A general mathematical framework for learning with energies.

Does not need probabilities.

Does not require tractable Z.

Useful for classification, ranking, structured prediction, regression.

Summary:  
Hinton = generative probability model  
LeCun = general energy framework (probabilistic and non-probabilistic)

Difference 2: Role of Energy

Hinton (1985): Energy defines a probability.

$$
p(x)=\frac{e^{-E(x)/T}}{Z}
$$

Low energy → high probability.

Energy is literally negative log probability times temperature.

LeCun (2006): Energy is compatibility, not probability.

low energy = good answer (no need for normalization)

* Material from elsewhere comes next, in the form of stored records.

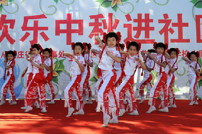 Children dance to celebrate the Mid-Autumn Festival at a square in Beijing, Sept 22, 2010.
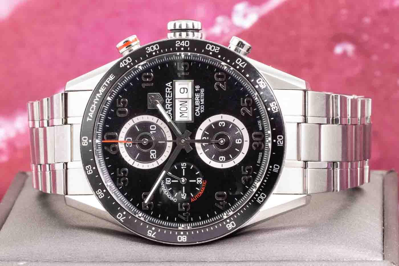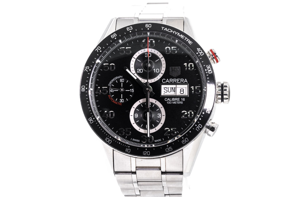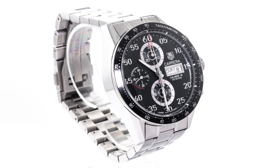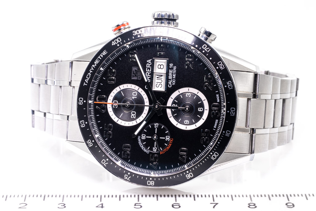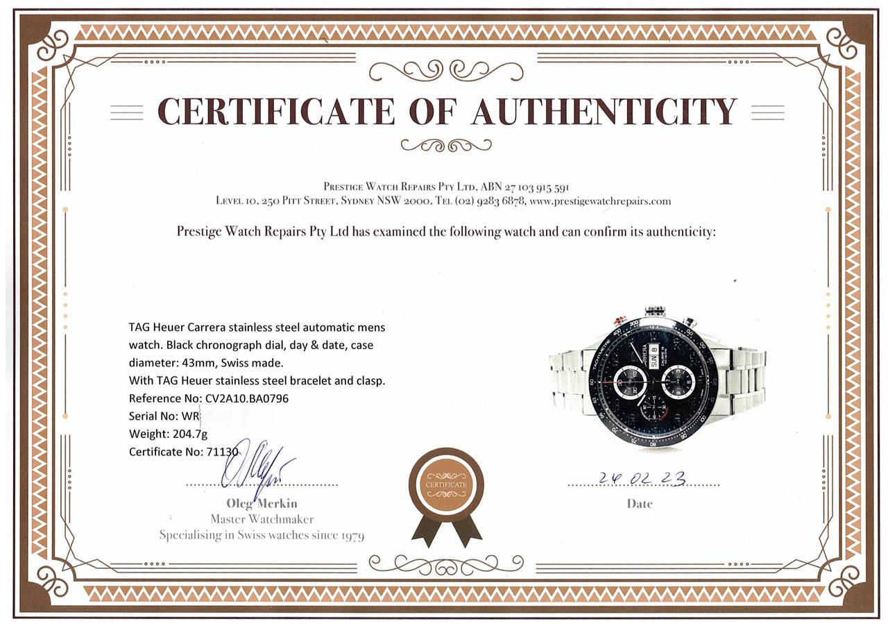TAG Heuer Carrera stainless steel automatic mens watch. Black chronograph dial, day & date, case diameter: 43mm, wrist size: 20cm, Swiss made. Ref# CV2A10.BA0796. With TAG Heuer stainless steel bracelet and clasp. With Certificate of Authenticity, TAG Heuer Limited International Guarantee card dated 30/12/2014 and TAG Heuer box. 3 month FSA warranty. (Pre-owned)
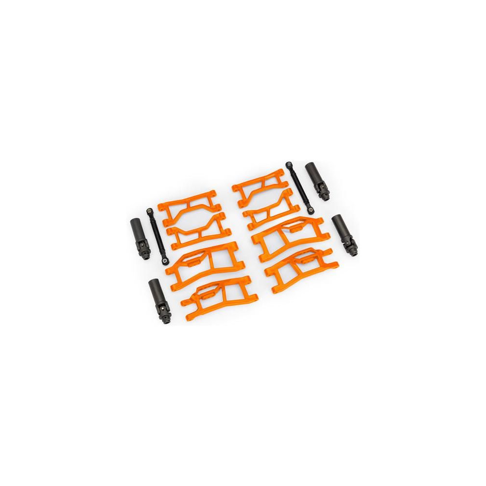 A Mini Wide Maxx narancssárga keréktartó készlet 1:12 méretarányban szélesíti ki a Traxxas Mini (XRT) RC modelledet a nagyobb stabilitás érdekében. A felfüggesztéskészlet 2 cm-rel szélesíti a nyomtávot. A készlet mindent tartalmaz, ami a bővítéshez szükséges (első és hátsó lengőkarok, kormányrudak, kardántengelyek - külső rész).

Energy is not tied to probability unless you choose to convert it.

Summary:  
Hinton = energy → probability  
LeCun = energy → scoring function

Difference 3: Temperature

Hinton:

Temperature T is critical:

Used during annealing  
Controls stochasticity  
Comes from physics  
Helps escape local minima  
Governs the Gibbs distribution

LeCun:

Temperature is optional.  
Only appears if converting energy → probability.  
Not required in most EBMs.

Summary:  
Hinton = temperature is essential  
LeCun = temperature is optional or irrelevant

Difference 4: Training Method

Hinton (1985):

Training uses:

Gradient of log-likelihood  
Two expectations (positive phase and negative phase)  
Requires Markov Chain Monte Carlo  
Requires sampling (Gibbs)  
Computes equilibrium statistics  
Difficult to scale

This is the ancestor of Contrastive Divergence, RBMs, DBNs.

LeCun (2006):

Training uses:

Margin losses  
Perceptron loss  
Contrastive losses  
Hinge loss  
Log loss  
Structured losses

No sampling required

Inference by minimization, not sampling

Summary:  
Hinton = generative training via sampling  
LeCun = discriminative or general training via energy shaping

Difference 5: Type of Tasks

Hinton:

Generative modeling  
Density modeling  
Missing data prediction  
Sampling and reconstruction  
Unsupervised learning

LeCun:

Classification  
Ranking  
Detection  
Sequence labeling  
Structured output  
Optimization problems  
CRFs, MMNs, graph models

Summary:  
Hinton = generative  
LeCun = general-purpose machine learning

Difference 6: Normalization

Hinton:

Requires computing or approximating Z, the partition function.

LeCun:

EBMs remove the normalization requirement.

This is the largest conceptual shift.

Final Answer

Who first used energy in a generative neural network?  
Geoffrey Hinton (1985), Boltzmann Machine.

What is the difference between the two papers?

| Topic | Hinton (1985) | LeCun (2006) |
|-------|----------------|----------------|
| Model type | Probabilistic generative model | General energy-based framework |
| Energy meaning | Negative log-probability | Compatibility score |
| Temperature | Essential | Optional |
| Partition function Z | Required | Not required |
| Learning | Stochastic sampling and likelihood | Direct energy shaping and loss functions |
| Tasks | Generative modeling | Classification, ranking, structured prediction |
| Architecture | Boltzmann Machine | Many architectures (CRFs, neural nets, GTN, etc.) |